SOURCE MATERIAL:
Start of Block

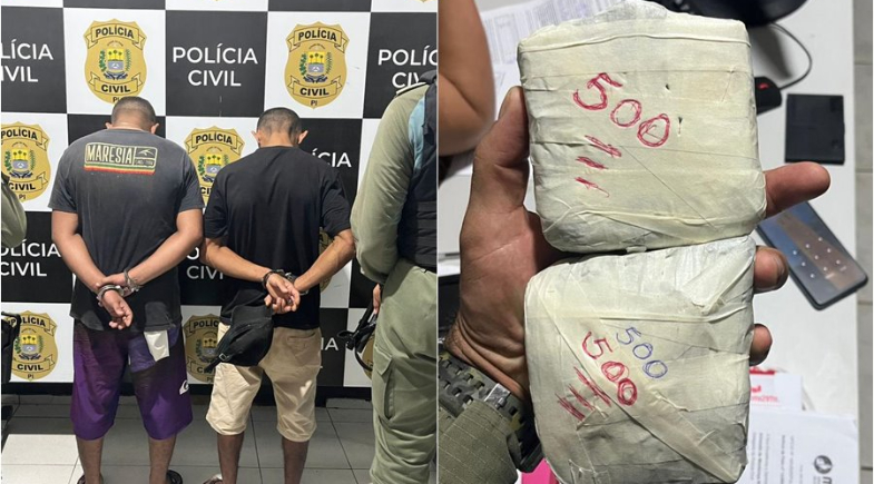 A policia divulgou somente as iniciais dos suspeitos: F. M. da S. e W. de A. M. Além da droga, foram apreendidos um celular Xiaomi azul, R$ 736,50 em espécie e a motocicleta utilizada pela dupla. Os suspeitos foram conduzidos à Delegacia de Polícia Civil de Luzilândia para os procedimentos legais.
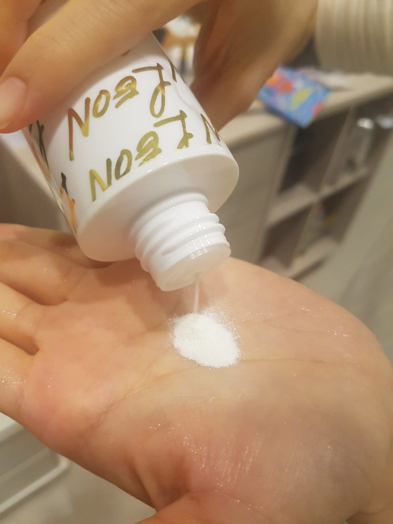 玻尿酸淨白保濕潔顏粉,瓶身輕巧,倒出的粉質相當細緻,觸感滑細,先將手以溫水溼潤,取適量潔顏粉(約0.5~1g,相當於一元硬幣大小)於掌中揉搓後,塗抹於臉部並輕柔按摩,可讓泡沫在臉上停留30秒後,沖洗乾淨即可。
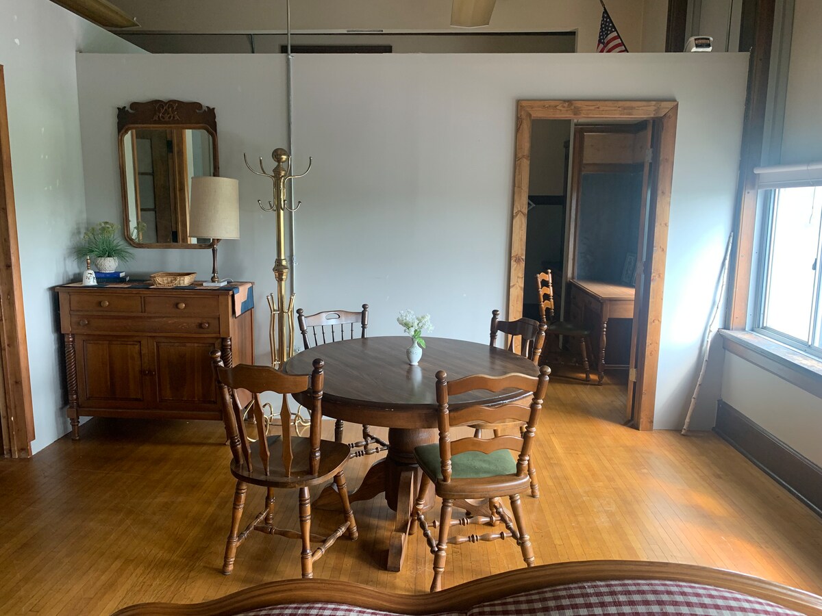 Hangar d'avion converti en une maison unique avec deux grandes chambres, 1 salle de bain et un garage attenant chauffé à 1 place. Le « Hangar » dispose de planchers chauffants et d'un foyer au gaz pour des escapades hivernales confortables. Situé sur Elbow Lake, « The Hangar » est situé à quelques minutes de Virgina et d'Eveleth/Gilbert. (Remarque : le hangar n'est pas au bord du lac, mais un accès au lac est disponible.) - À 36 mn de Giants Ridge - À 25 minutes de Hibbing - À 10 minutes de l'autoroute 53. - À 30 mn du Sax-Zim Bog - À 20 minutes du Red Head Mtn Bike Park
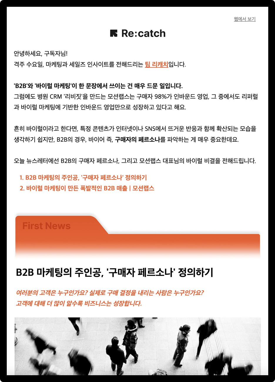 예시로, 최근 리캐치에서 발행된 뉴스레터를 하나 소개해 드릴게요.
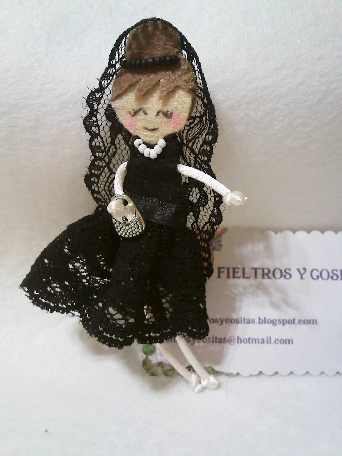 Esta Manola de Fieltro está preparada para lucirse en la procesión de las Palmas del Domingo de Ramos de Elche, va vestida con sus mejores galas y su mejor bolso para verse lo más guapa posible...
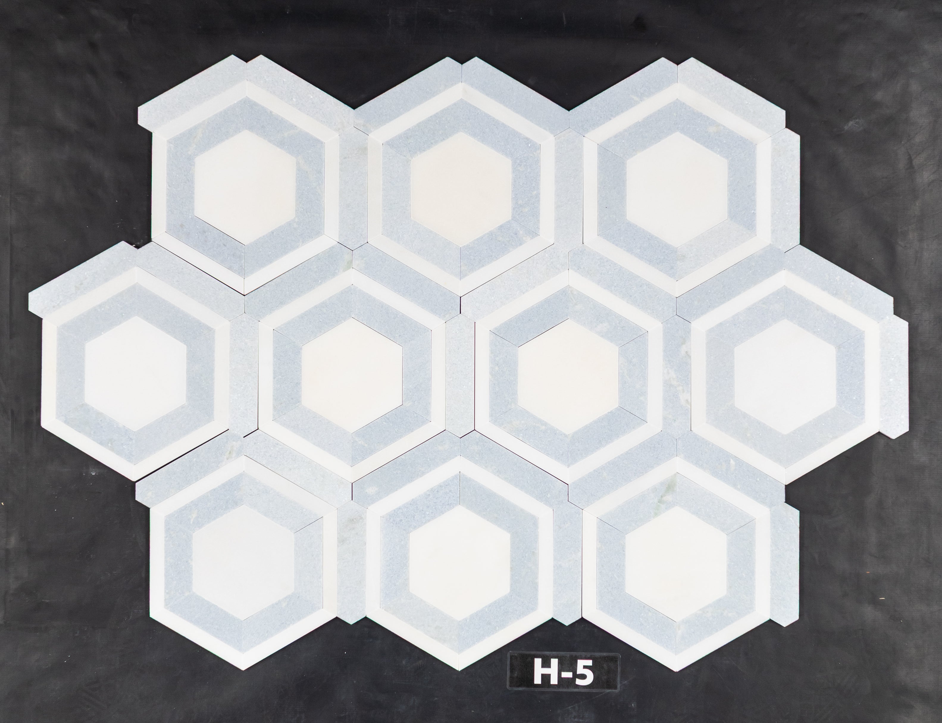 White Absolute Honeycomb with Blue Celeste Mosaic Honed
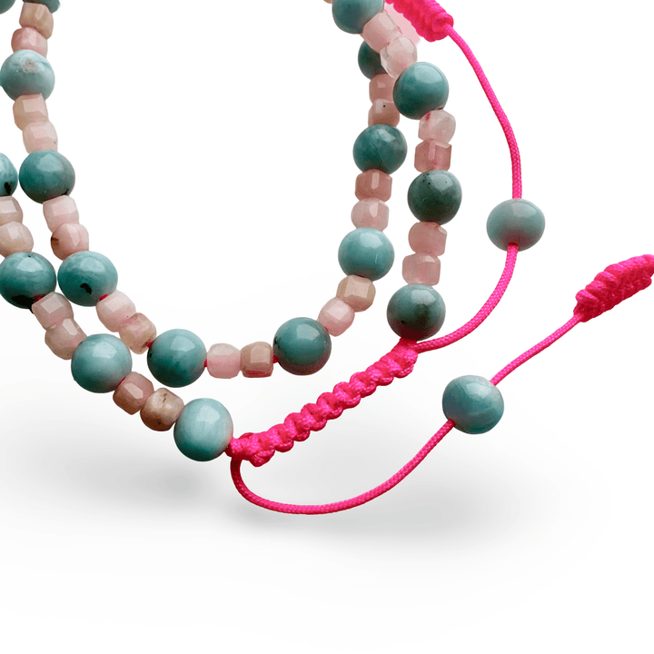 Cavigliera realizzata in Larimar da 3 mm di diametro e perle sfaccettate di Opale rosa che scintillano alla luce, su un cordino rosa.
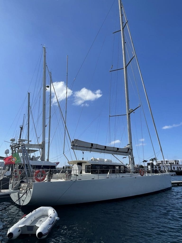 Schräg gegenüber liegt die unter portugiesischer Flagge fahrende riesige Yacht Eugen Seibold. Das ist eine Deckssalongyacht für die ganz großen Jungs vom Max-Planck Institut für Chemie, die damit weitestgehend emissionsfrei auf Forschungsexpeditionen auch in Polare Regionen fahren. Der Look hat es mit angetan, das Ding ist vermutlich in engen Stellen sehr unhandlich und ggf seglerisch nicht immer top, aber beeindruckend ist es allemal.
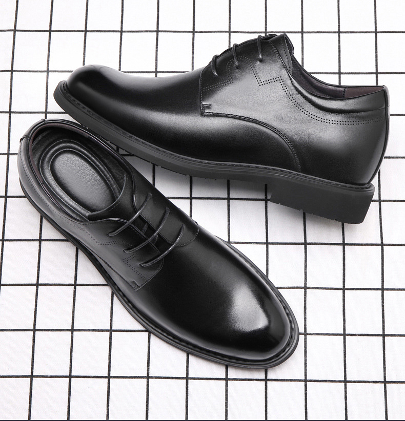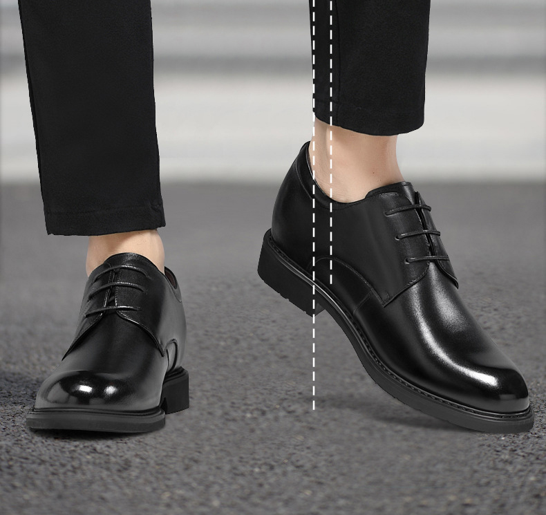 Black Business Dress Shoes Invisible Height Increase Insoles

End of Block
Start of Block

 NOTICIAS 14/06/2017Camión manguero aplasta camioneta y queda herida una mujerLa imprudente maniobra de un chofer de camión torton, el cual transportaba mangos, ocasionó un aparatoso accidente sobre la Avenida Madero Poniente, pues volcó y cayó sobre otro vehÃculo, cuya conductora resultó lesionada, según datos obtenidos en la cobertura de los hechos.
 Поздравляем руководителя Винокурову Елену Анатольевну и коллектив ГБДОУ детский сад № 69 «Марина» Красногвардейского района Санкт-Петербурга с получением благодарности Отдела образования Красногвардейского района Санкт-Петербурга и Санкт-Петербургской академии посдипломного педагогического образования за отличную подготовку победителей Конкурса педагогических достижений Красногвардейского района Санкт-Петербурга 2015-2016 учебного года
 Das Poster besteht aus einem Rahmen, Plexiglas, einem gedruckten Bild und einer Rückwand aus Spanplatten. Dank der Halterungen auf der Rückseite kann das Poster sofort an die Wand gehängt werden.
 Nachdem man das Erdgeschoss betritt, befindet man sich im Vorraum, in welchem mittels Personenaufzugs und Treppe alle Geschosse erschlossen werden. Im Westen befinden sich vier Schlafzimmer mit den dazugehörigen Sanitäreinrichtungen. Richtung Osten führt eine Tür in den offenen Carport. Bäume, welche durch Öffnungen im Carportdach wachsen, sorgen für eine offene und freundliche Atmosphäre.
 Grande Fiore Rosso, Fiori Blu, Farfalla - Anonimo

End of Block
Start of Block

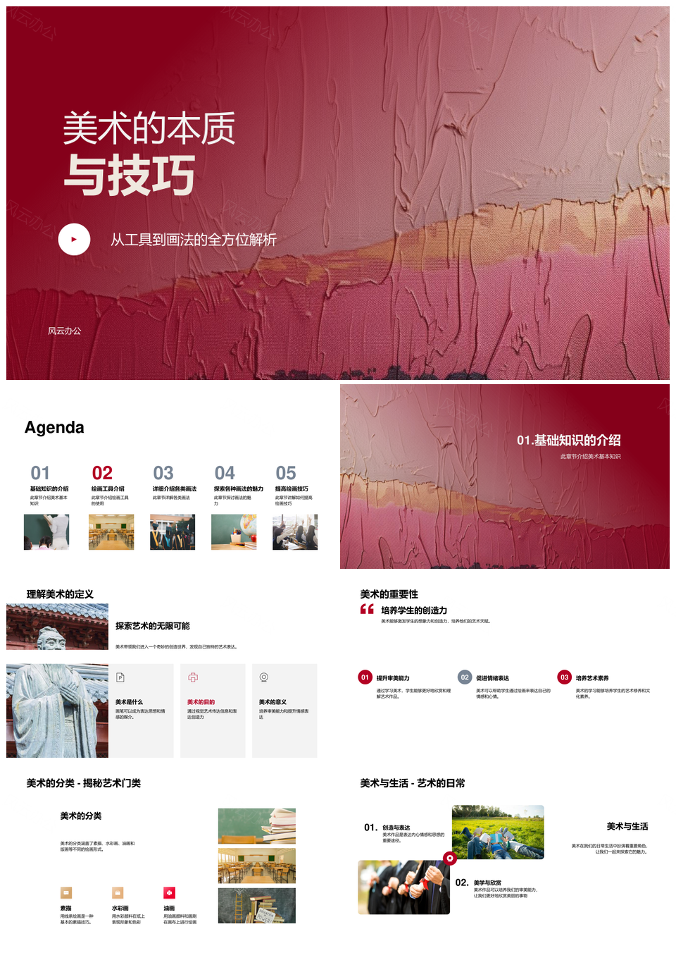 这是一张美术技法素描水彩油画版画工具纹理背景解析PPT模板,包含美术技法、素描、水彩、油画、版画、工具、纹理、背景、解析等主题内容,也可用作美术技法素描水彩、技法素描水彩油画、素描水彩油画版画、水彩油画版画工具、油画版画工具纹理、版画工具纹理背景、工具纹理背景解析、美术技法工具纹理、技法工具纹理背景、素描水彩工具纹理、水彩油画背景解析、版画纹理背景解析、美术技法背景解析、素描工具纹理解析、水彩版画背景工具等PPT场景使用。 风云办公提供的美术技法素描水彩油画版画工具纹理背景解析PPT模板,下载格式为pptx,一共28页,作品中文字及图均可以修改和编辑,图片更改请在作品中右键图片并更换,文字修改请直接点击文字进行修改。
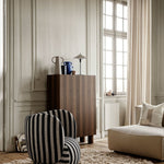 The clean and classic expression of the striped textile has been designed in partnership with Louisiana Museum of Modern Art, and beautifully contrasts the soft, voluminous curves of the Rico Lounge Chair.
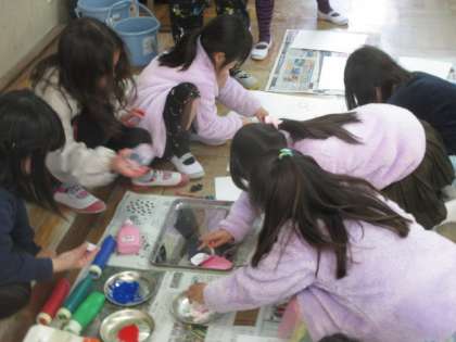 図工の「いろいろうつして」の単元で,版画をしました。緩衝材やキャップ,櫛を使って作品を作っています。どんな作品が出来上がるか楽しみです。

End of Block

BRIEF: Write out, word for word, the stretch of entries that begins at the line with "A policia divulgou" and ends at the line with "玻尿酸淨白保濕潔顏粉,瓶身輕". Pictures do not belong in it.

EXERCISE OUTPUT:
 A policia divulgou somente as iniciais dos suspeitos: F. M. da S. e W. de A. M. Além da droga, foram apreendidos um celular Xiaomi azul, R$ 736,50 em espécie e a motocicleta utilizada pela dupla. Os suspeitos foram conduzidos à Delegacia de Polícia Civil de Luzilândia para os procedimentos legais.
 玻尿酸淨白保濕潔顏粉,瓶身輕巧,倒出的粉質相當細緻,觸感滑細,先將手以溫水溼潤,取適量潔顏粉(約0.5~1g,相當於一元硬幣大小)於掌中揉搓後,塗抹於臉部並輕柔按摩,可讓泡沫在臉上停留30秒後,沖洗乾淨即可。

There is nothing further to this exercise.